Saturday, January 10, 2015

Accessing the encrypted file path in ImageNow

Intellectual property protection

Many years ago I took on a project to determine the protocol used to communicate between a Norand hand-held computer and a Norand 4820 printer. Norand called this protocol the Norand printer control protocol (NPCP). This was a turnkey proprietary solution with Norand controlling hardware and software. It was designed for the connection between a portable computer and printer for route accounting and sold primarily to bakery and beverage delivery companies.

As the Norand solution became older and the cost of functionally similar printers decreased well below the Norand product cost a demand opened up for third party printers that could be used in place of the Norand printers. The only problem was that the portable computers would only print using NPCP; a protocol that was unpublished.

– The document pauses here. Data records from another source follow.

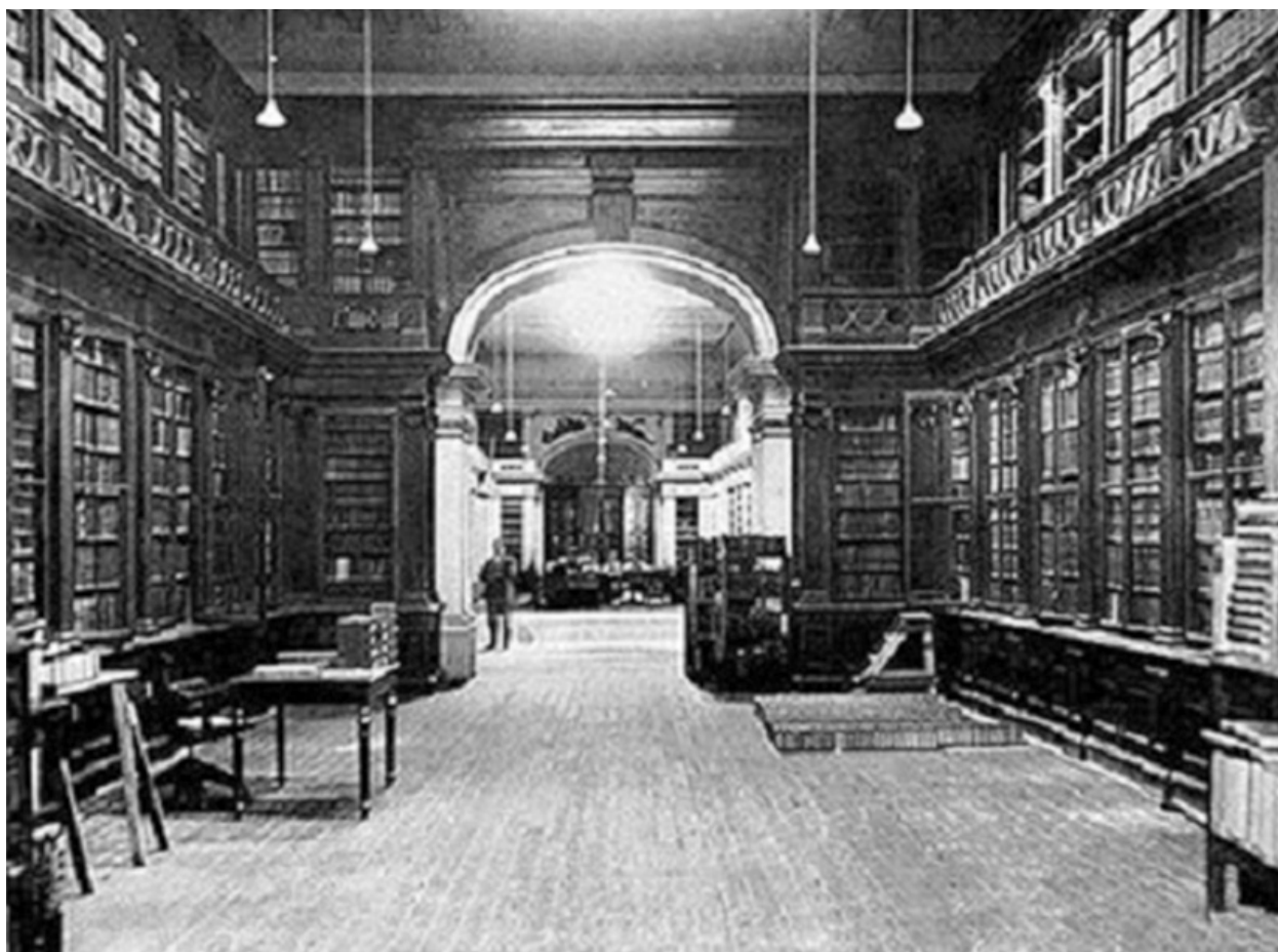
Foto de una de las majestuosas salas de la Biblioteca Nacional antes de la ocupación chilena.

contaba con tres salas de lectura y 29530 volúmenes, los cuales fueron aumentados a 56127 en 1880 (Valderrama, 1971).
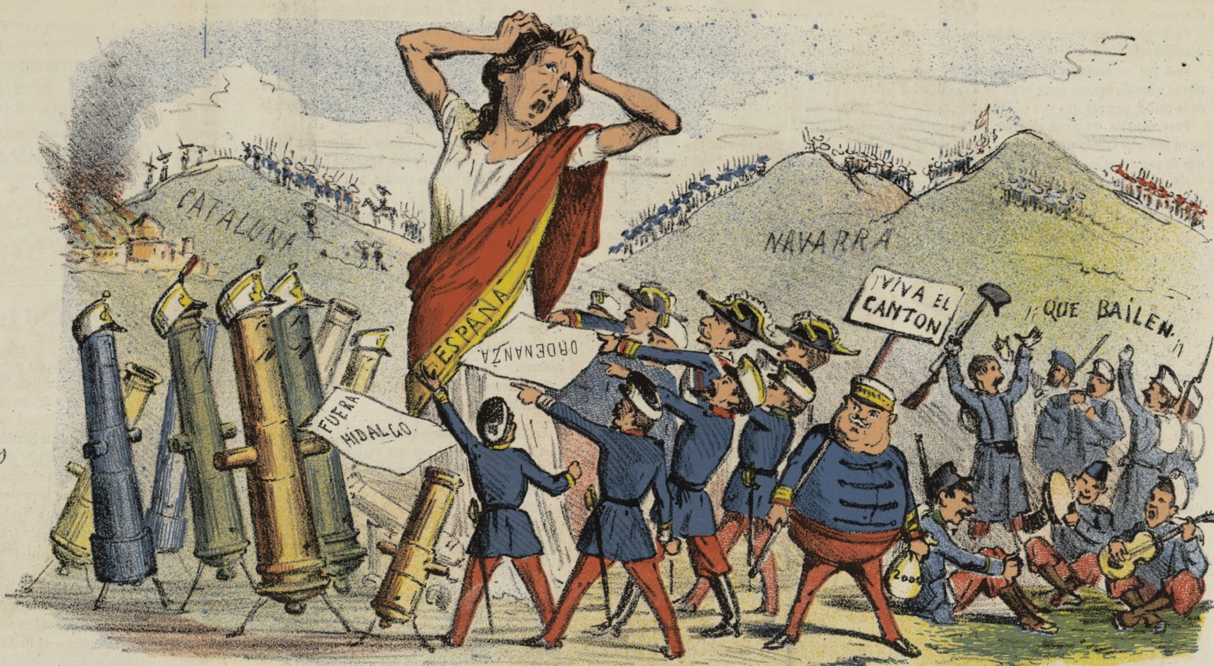
Varios problemas de difícil solución.
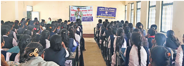
कन्या महाविद्यालय में जागरूकता कार्यक्रम में बोलते विधिक अधिकारी।
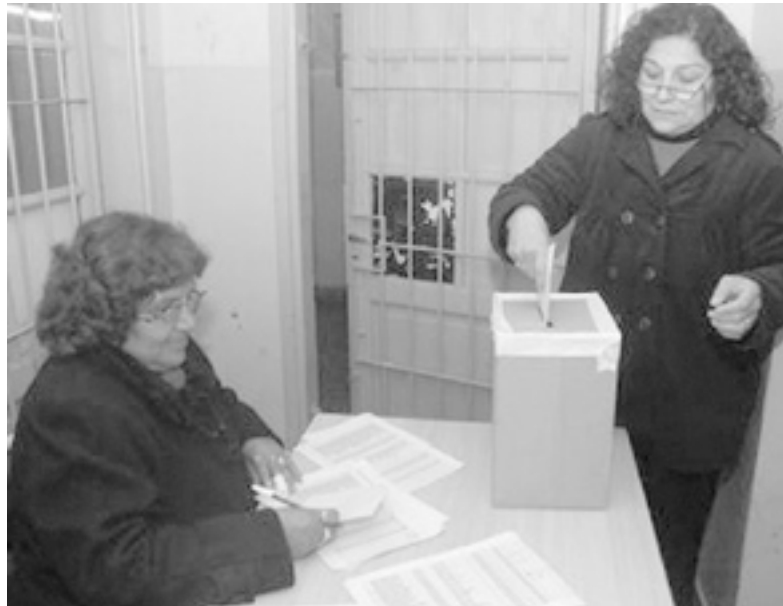
Baja participación. En ATECA Capital, de 390 docentes sólo votaron 20.

permiten mostrar que la Celeste fraguó su resultado, agregándose 25.000 votos más. El mayor fraude lo arman en SUTEBA cuando la Junta se negó a que hubiera escrutinio provincial. Cargando en soledad, sin la oposición, los datos que quisieron. También se suspendió el escrutinio en CTERA, limitándose a entregar planillas con datos cargados por ellos.
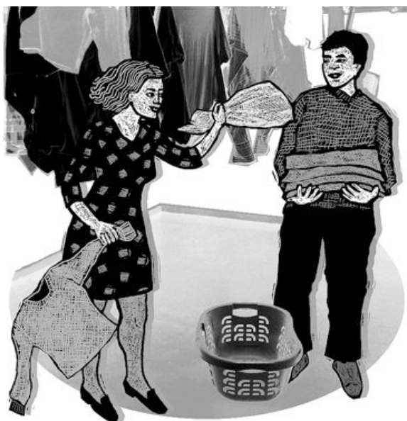
Illustration: Rebecca Hug

Trotz fehlender Kinderbetreuung, verzerrter Stundenpläne in der Schule, Benachteiligungen bei den Sozialversicherungen und durchschnitt-
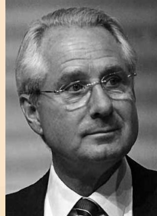
ehemaliger Post-Chef Klaus Zumwinkel

Die Globalisierung lässt uns den Begriff „Gesellschaft“ jedoch nicht nur national interpretieren, sondern zwingt uns, die Wirkung von Steueroasen auf alle betroffenen Bürger der Welt ins Kalkül zu ziehen. Besonders trifft es hierbei die Schwächsten: die eine Milliarde hungernder Menschen und die zwei weiteren Milliarden Menschen, die unterernährt sind. 25 Steueroasen ermöglichen den (illegalen) Kapitalabfluss aus den Entwicklungsländern in der eingangs genannten Größenordnung. Aufgeblähte Finanzvolumina verstärken zudem die Spekulation
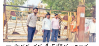
వ్యాపార సంస్థను సీజ్ చేసిన అధికారులు

మేడ్చల్, ఏప్రిల్ 2: ట్రేడ్ లైసెన్స్ లేకుండా వ్యాపారం నిర్వహిస్తే చర్యలు తీసుకుంటామని కమిషనర్ నాగిరెడ్డి తెలిపారు. మేడ్చల్ మున్సిపాలిటీ పరిధిలో లైసెన్స్ లేకుండా వ్యాపారం నిర్వహిస్తున్న సంస్థలను మంగళవారం కమిషనర్ సీజ్ చేశారు. ఈ సందర్భంగా ఆయన మాట్లాడుతూ.. పురపాలక సంఘ చట్టం 2019 ప్రకారం విధిగా ట్రేడ్ లైసెన్స్ ఉండాలి. లైసెన్స్ లేకుండా వ్యాపారం నిర్వహించడం చట్టవిరుద్ధం నేరమని తెలిపారు. ఏడు బోల్డో లైసెన్స్ లు లేని ప్రతి ఒక్కరూ పొందాలని ఆయన సూచించారు. అసెలైన్ డ్యారూ నేరుగా కూడా లైసెన్స్

At the time the world was starting to see the first free and open source software. Proprietary computing systems were giving way to DOS, the new Windows, Unix, XMODEM, and TCP/IP. The proprietary Norand protocol seemed like a dinosaur. After a bunch of digging through serial traces and obscure NEC uPD7810 microprocessor code I was able to create a Norand printer emulator. What became clear in this process was that Norand designers had intentionally obfuscated the NPCP protocol and the code that implemented it.

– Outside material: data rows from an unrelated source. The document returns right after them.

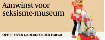
Aanwinst voor seksisme-museum
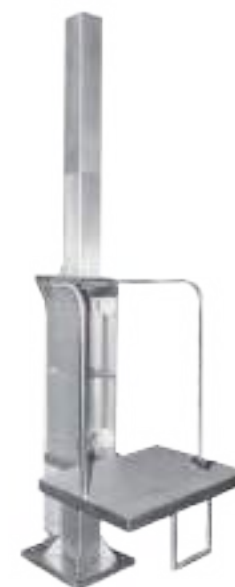
PLATAFORMAS NEUMÁTICA SIMPLE PARA DIVIDIR SIN NORIA
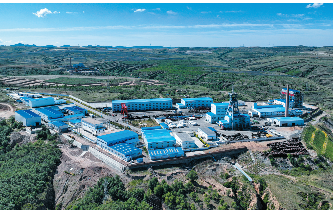
图为晋能控股煤业集团马脊梁矿。
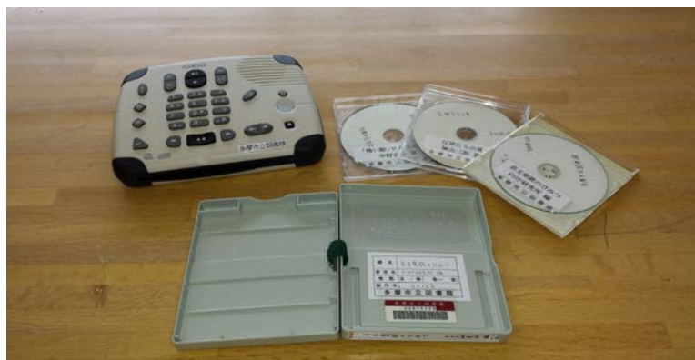
デイジー再生機(プレクストーク)
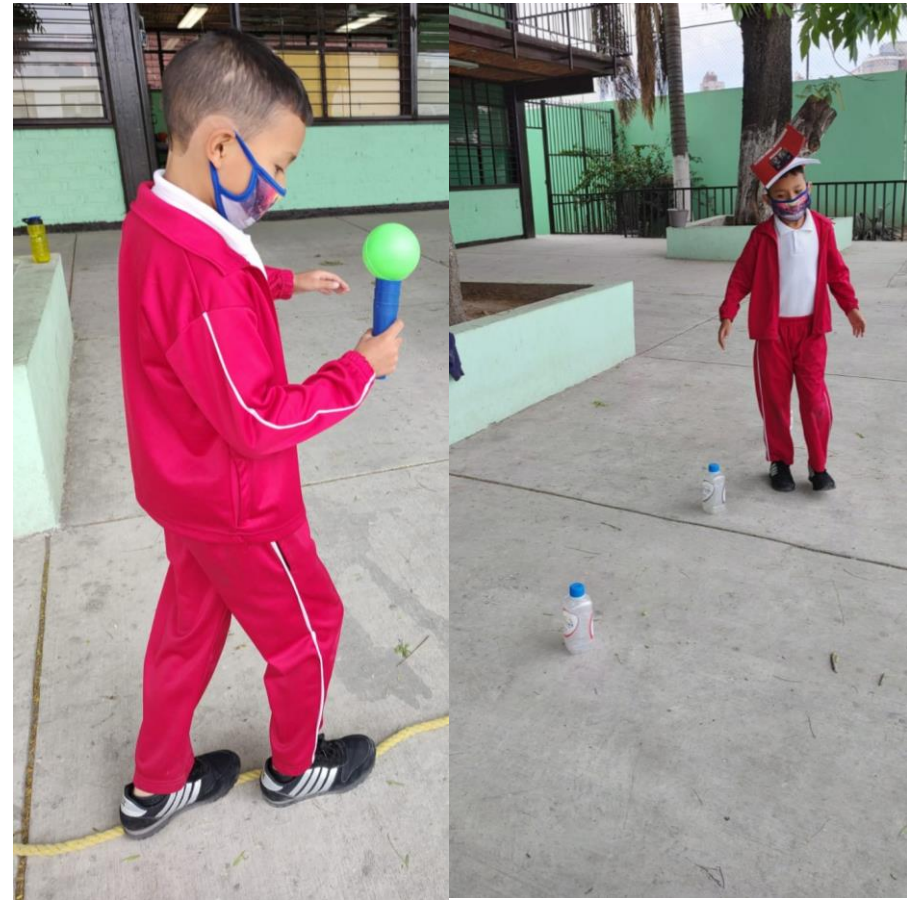
Fotografía 3. Nota: Los equilibristas. Manzo P. 2022
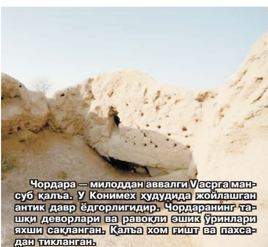
Чордара — милoddan аввалги Васрга мансуб қалъа. У Конимех худудида жойлашган антик давр ёдгорлиғидир. Чордаранинг ташқи деворлари ва равоқли ёшиқ ўринлари яхши сақланган. Қалъа хом ғишт ва паҳсадан тикланган.

In many ways this is no different than HDMI encryption or software anti-piracy mechanisms. The intellectual property owners want to protect their property.



Content as a hostage

Wind forward to today and I have a customer that would like to extract all their documents from a document management system called ImageNow from Perceptive Software. They have added millions of pages to their ImageNow system over the years, but the annual cost for maintaining the software is prohibitively high and much lower cost and equally capable products are now available in the marketplace.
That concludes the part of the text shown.